В оценке Дитерихса, что интересно, совпадают противопоставлявшиеся выше Вс. Н. Иванов и Антохин: первый называет его «случайно подвернувшимся бесталанным ничтожеством», второй — «выжившим из ума стариком». Арсений Несмелов заметил: «Трагедия борьбы белых с большевиками в то время на Востоке уже выродилась в комедию». Поэт понимал опереточность, фарсовость происходящего — а тогдашние правители края уже не понимали. Они потеряли фарватер истории.
В Приморье вводится строжайшая цензура. Белый террор достигает апогея. В топках канонерской лодки «Манджур», ставшей плавучим застенком, сжигают людей. Тела профсоюзных лидеров Гульбиновича и Башидзе обнаруживаются в Золотом Роге. Продолжается распродажа того, что не успели продать при Меркуловых.
Дитерихс объявил поход на Москву[128], но дошел лишь до Спасска. Здесь штаб генерала Молчанова занял то самое здание, из которого в апреле 1920 года убегал в тайгу Фадеев. В начале октября Спасск пал, за ним — Никольск-Уссурийский. На этом этапе столкновений с японцами уже не было — война шла между красными и белыми.
Уходя, японцы вырубают лес, забирают металл, флот, разрушают крепостные сооружения, увозят даже рельсы. Из информации оперативного отдела штаба партотрядов Приморья: «Японцами грузятся на пароходы части железнодорожных стрелок, железо, части машин и станков, скаты, железнодорожное имущество, части машин от аэропланов и автомобилей и разная мебель. В общем, увозят награбленное русское добро. Правительством Дитерихса продан китайцам миноносец „Инженер-механик Анастасов“ и узкоколейная жел. дорога с вагонетками и прочим оборудованием, снятая с портов гор.
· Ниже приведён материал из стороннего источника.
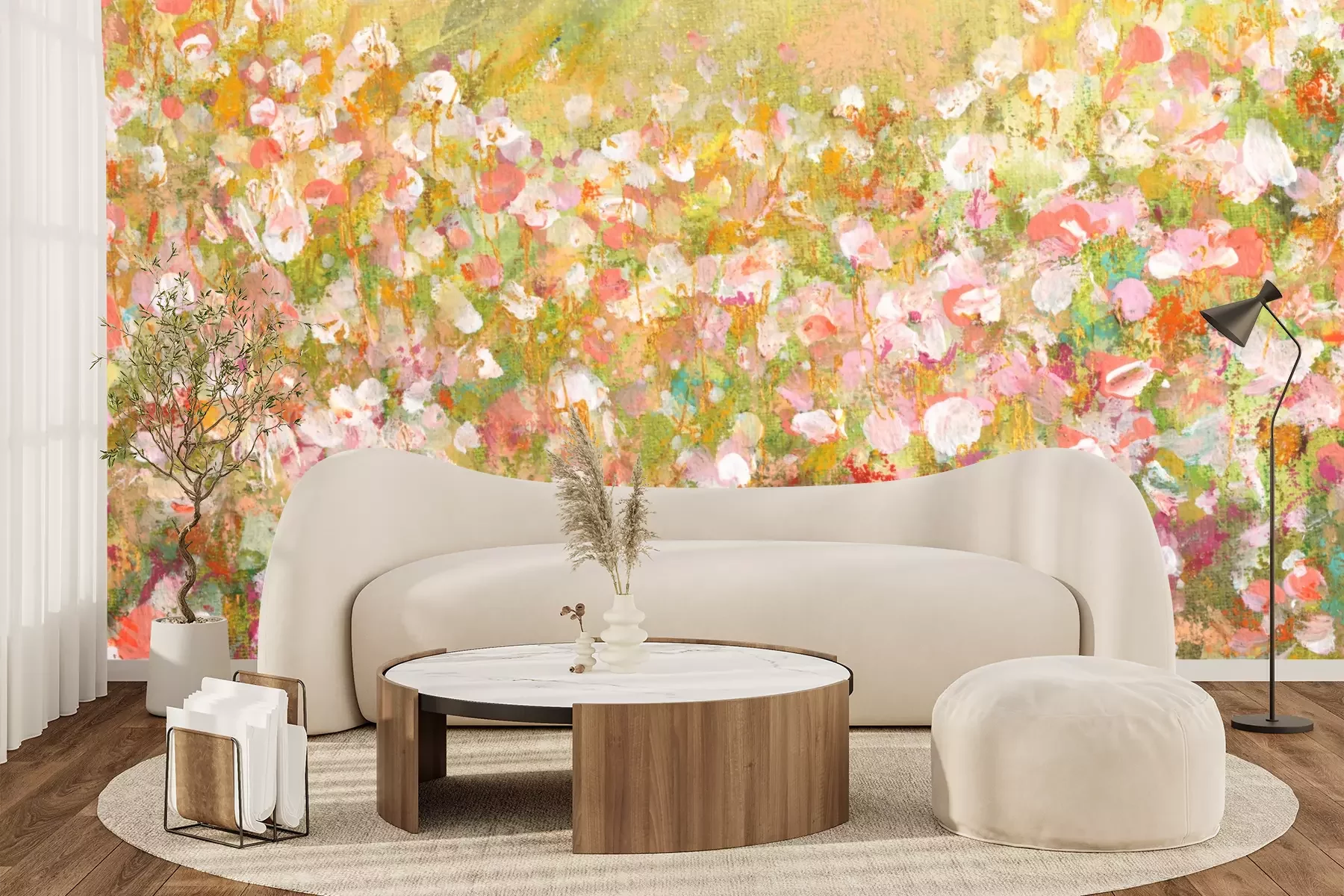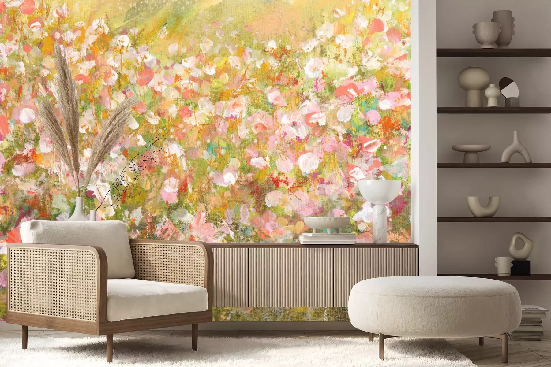 Het materiaal Premium+ is een gestructureerd vinyl op vlies met een gewicht van 255 g/m², dat kleine oneffenheden in de muur effectief camoufleert. De subtiele structuur van fijn zand geeft het oppervlak een exclusieve uitstraling, terwijl de halfmatte afwerking de diepte van de kleuren benadrukt. Het materiaal is dampdoorlatend, waardoor het ook in de keuken en badkamer kan worden gebruikt. De maximale breedte van één baan bedraagt 100 cm – bij grotere afmetingen wordt het fotobehang in meerdere gelijke banen verdeeld. De lijm wordt direct op de muur aangebracht en het behang wordt rand-aan-rand geplakt, wat zorgt voor een esthetisch resultaat zonder zichtbare naden. Het oppervlak kan gemakkelijk worden schoongemaakt door het voorzichtig af te nemen met een vochtige doek.

Владивостока, которая отправлена в гор. Харбин».
15 октября Дитерихс констатирует: борьба окончена. Предлагает рати «разойтись» или уйти в Китай[129]. Контр-адмирал Старк намеревался оборонять Владивосток при помощи крепостных фортов и кораблей Сибирской флотилии, но Дитерихс этот план не поддержал, а японцы отказались передавать боеприпасы и оружие.
Старк уводит за границу 30 судов Сибирской флотилии с армией Дитерихса и беженцами. «Город переворотов, город радужных надежд и горьких разочарований доживал свои последние дни», — писал Михаил Щербаков, покинувший Владивосток с флотилией Старка. Уходит в Китай и Всеволод Владимиров-Исаев, будущий Штирлиц. «Оттянули трап, замелькали платки, заработали машины, придвинулись чернеющие в малиновых сумерках, усеянные огнями мощные силуэты созерцающих наше бегство японских и американских крейсеров[130], и над закатом, пылавшим над похоронно-черным Владиво, как называли японцы Владивосток, дрожа в черной воде, встала рубиновая вечерняя звезда», — писал Вс. Н. Иванов.
НРА под командованием Уборевича 19 октября занимает пригород Владивостока — станцию Океанскую. Японское командование обещает завершить эвакуацию 25 октября, и Уборевич отводит войска чуть назад, к Угольной. В это же время во Владивостоке подпольный облнарревком принимает меры против грабежей и расправы со сторонниками Советов во время эвакуации. Ведется работа среди городской милиции, создаются рабочие дружины, берутся под охрану важные объекты.
24 октября на пригородной станции Седанка подписано соглашение с японцами о порядке занятия Владивостока красными. 25 октября народоармейцы без выстрела входят в город. Эта дата считается днем освобождения Дальнего Востока от белогвардейцев и интервентов.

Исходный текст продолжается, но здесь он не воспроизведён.